Now , what HDD did u want to buy ?


----------



## pradeepbp (Jun 22, 2008)

sagargv said:


> there used to be a limit in very old drives. .particularly in the days where fat16 were used and fat32 was new. . the motherboard would not detect the full capacity of drives and it was not possible to create a single partition of large size like 80GB .. . but i dont think thats a problem any more. . u cud read ur mobo's manual. . but i'm sure it wont say a limit like that. . there is a limit to the number of HDD's u can use but not on its capacity.
> 
> Now , what HDD did u want to buy ?



i plan to increase the size to 160 GB


----------



## spikygv (Jun 22, 2008)

^^ u can do that with no problems . . even 750GB drive of SATA will work fine .. to assure u  , i would like to mention that my frends using 915 chipset based mobos are using 160GB hdd's with no issues. .


----------



## dOm1naTOr (Jun 22, 2008)

People are adding 250GB HDDs even on 845 based systems.
Bro, there is no limitation for it. There was a limitation with Windows XP when it was released. But it was fixed after Sp1.

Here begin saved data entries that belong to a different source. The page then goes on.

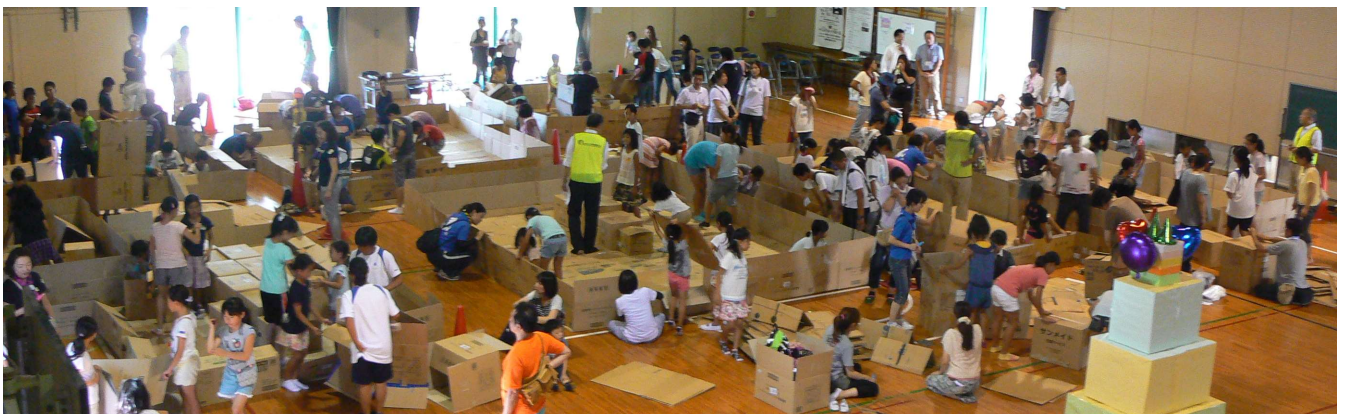
ダンボールでの避難所設営の様子

避難所完成後には、各チームの 6 年生リーダーより「どのような考えで避難所を作ったか」について発表してもらい、西濱氏がそれぞれそれぞれの避難所について講評を行った。
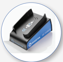
SB 104B-1 Estación de carga para 1 dosímetro
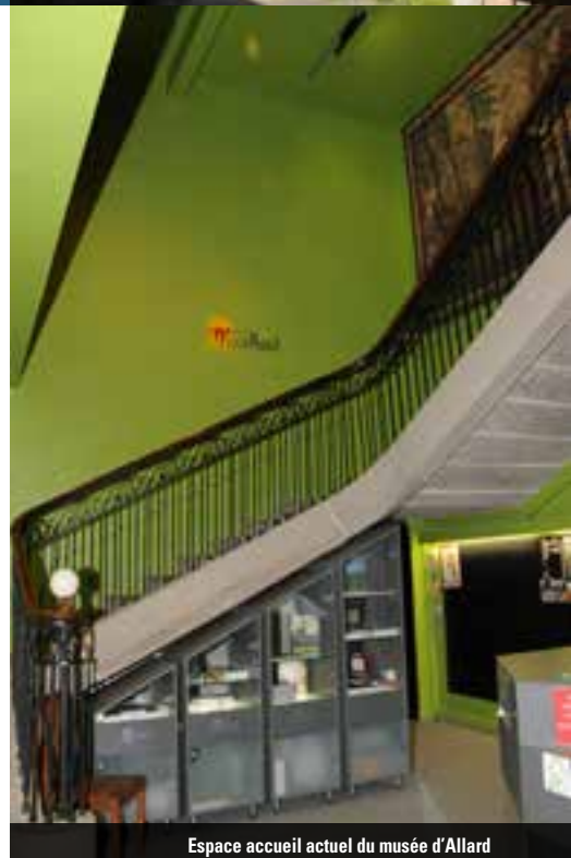
Espace accueil actuel du musée d'Allard
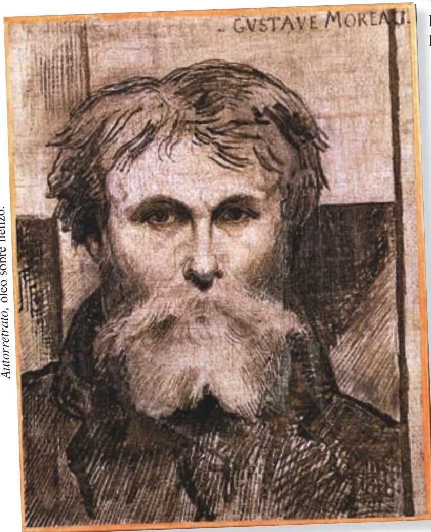
Autorretrato, óleo sobre lienzo.

Moreau tenía 65 años cuando hizo este autorretrato. ¿Te parece que refleja el aspecto de un hombre loco o se acerca más a la descripción que hacen sus alumnos?
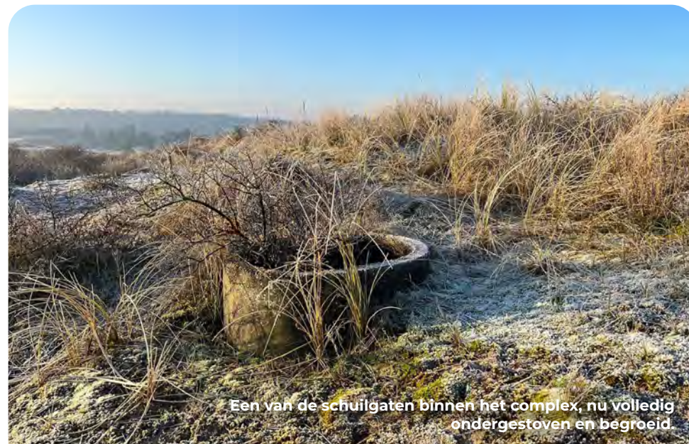
Een van de schuilgaten binnen het complex, nu volledig ondergestoven en begroeid.

Een betonnen Deckungsloch, of schuilgat, was een van de meest effectieve en snelle methoden om een goed beschermde en gedekte opstelling aan te leggen voor een schutter of schuilende militair. Je komt ze daarom langs de gehele Nederlandse kust tegen, zeker in een Freie Küste waar de bouw van betonnen bunkers minder prioriteit kreeg. De constructie is simpel en bestond uit drie op elkaar gestapelde betonnen putringen. Precies hoog en breed genoeg voor een militair met volle bepakking.
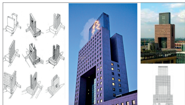
Рис. 3. Офисная башня ярмарки во Франкфурте-на-Майне Торхаус, или Дом-Ворота (1989–97)
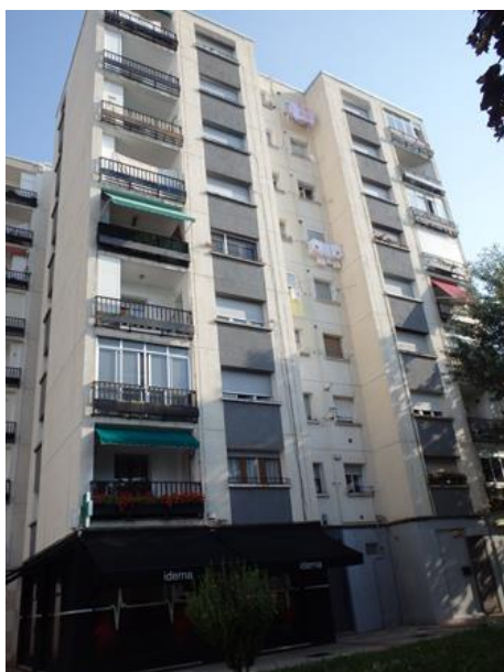
Edificio C/Valtierra, 21 antes de la rehabilitación

Ur mobo supports SATAI, i think. So ull need to use a junper to make todays HDDs SATAI compatible.
SATA I has 150MBps b/w and SATAII has 300MBps.


----------



## prashantmaxsteel (Jun 23, 2008)

pradeepbp said:


> My motherboard specs are as below:
> 
> 
> Motherboard description
> ...




Presently there are no restraints.
I would suggest you to go for a 2x250Gb SATA HDD or 2x320Gb ones
I suggest you buy in two parts of same brand same model for efficient use in raid arrays.
At present I think 1Tb is the maximum being manufactured.
Cost/GB is optimum for 320 and 250Gb HDD.
If you have enough money, try the faster barracuda versions.
Buying HDD from Gulf Nations would make it still cheaper. (I got 320Gb for around Rs2.5k-3k).
Go for 16Mb cache HDD and with 2-3 years warranty.


----------



## dOm1naTOr (Jun 23, 2008)

wat?
u recommending 2*320GB in raid to a guy who just nedd a 160GB HDD?
and buying from gulf and crapping the good 5yrs local  warranty
HDD are cheaper here also.Even a 640GB ones costs less than 4.5k and with 5yrs local warranty.
raid 0 is a messy thing and only recommended for those running gaming rigs and other performance PCs. A normal 7200 rpm sat-II wud suffice most needs.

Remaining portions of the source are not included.